Your copy of the data should match it exactly, leaving out only the pictures.

#### PROVIDED MATERIAL:
=== Begin Enclosure ===

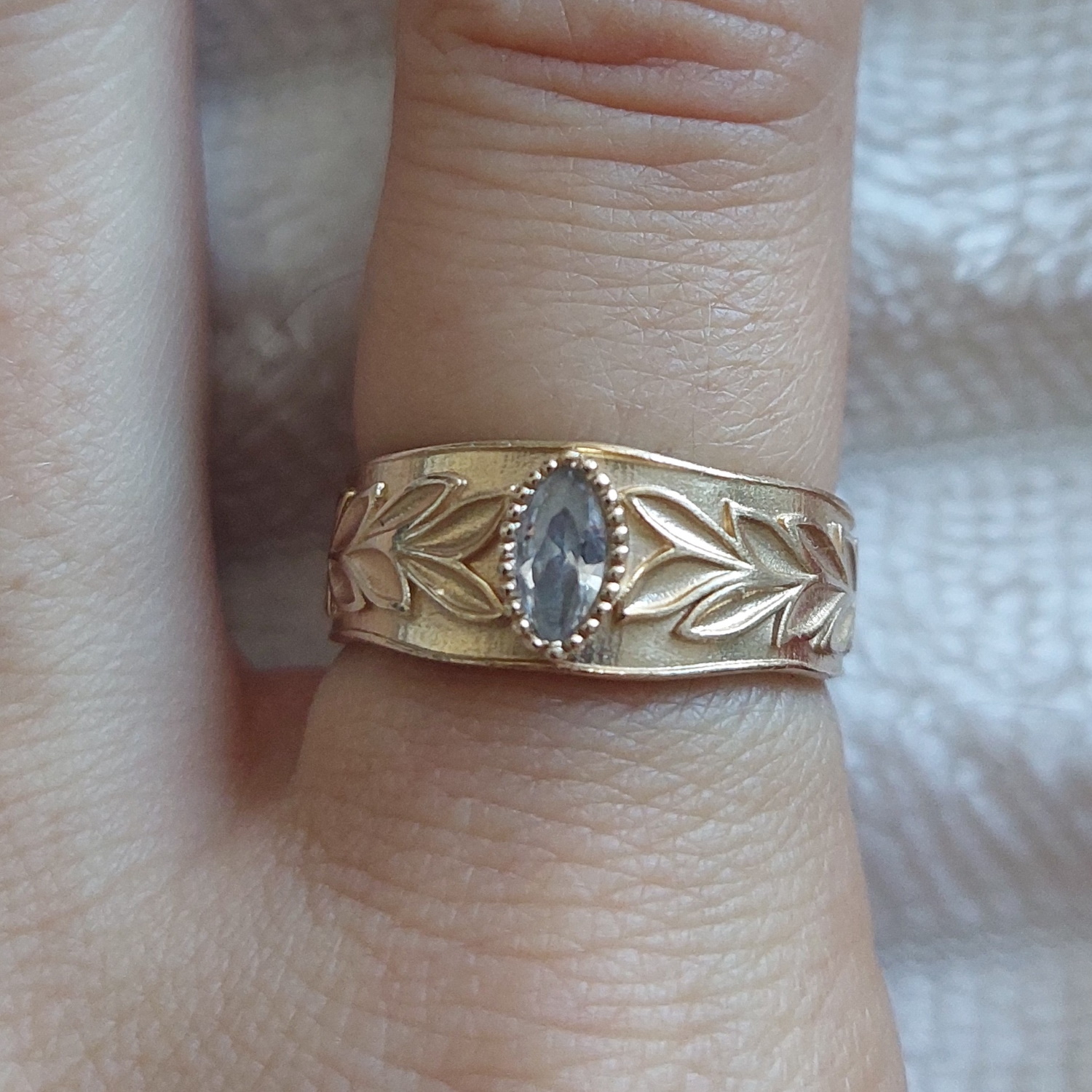 Bracelet jonc rigide ouvert avec motifs en relief de branche de laurier en plaqué or jaune 18 carats surmonté d'un oxyde de zirconium blanc serti clos de forme ovale.
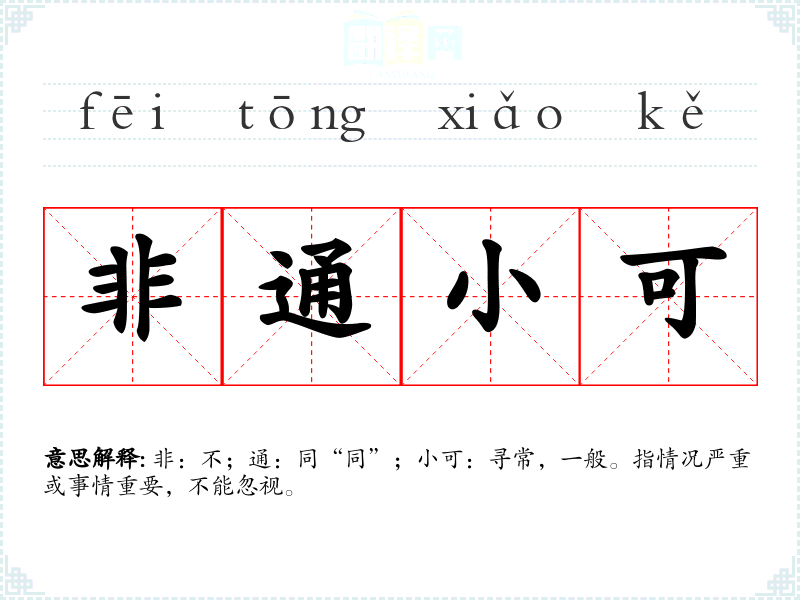 非:不;通:同“同”;小可:寻常,一般。指情况严重或事情重要,不能忽视。
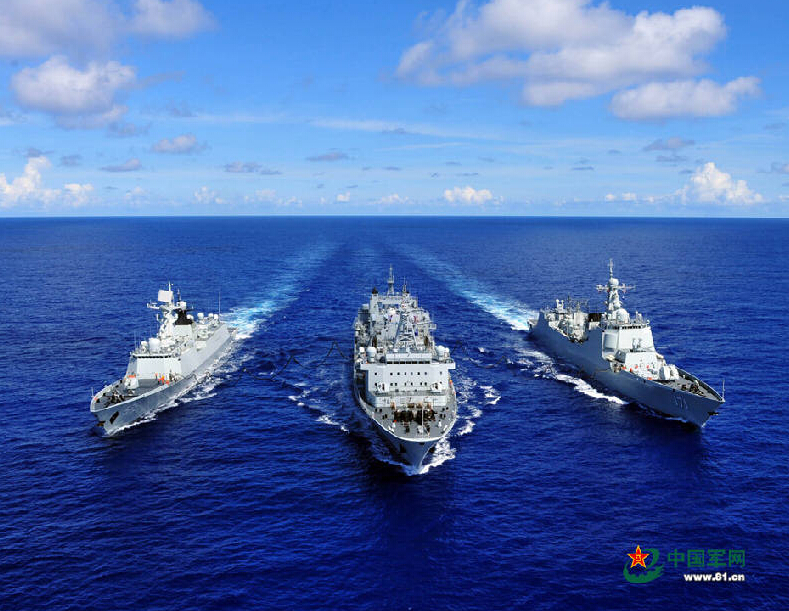 此外,中国海军还派遣补给舰和医院船两艘辅助作战舰艇参演。千岛湖号补给舰是中国海军第一种拥有真正现代化构型的综合补给舰,该舰舰长171.4米、舰宽24.8米、吃水9米、满载排水量2.3万吨,航速约19节。其可以在公海上执行航行补给任务,向舰艇输送燃料和干货补给。图为参加环太军演的千岛湖号为海口舰、岳阳舰实施补给。图片来源:中国军网

=== End Enclosure ===

#### EXERCISE ANSWER:
 Bracelet jonc rigide ouvert avec motifs en relief de branche de laurier en plaqué or jaune 18 carats surmonté d'un oxyde de zirconium blanc serti clos de forme ovale.
 非:不;通:同“同”;小可:寻常,一般。指情况严重或事情重要,不能忽视。
 此外,中国海军还派遣补给舰和医院船两艘辅助作战舰艇参演。千岛湖号补给舰是中国海军第一种拥有真正现代化构型的综合补给舰,该舰舰长171.4米、舰宽24.8米、吃水9米、满载排水量2.3万吨,航速约19节。其可以在公海上执行航行补给任务,向舰艇输送燃料和干货补给。图为参加环太军演的千岛湖号为海口舰、岳阳舰实施补给。图片来源:中国军网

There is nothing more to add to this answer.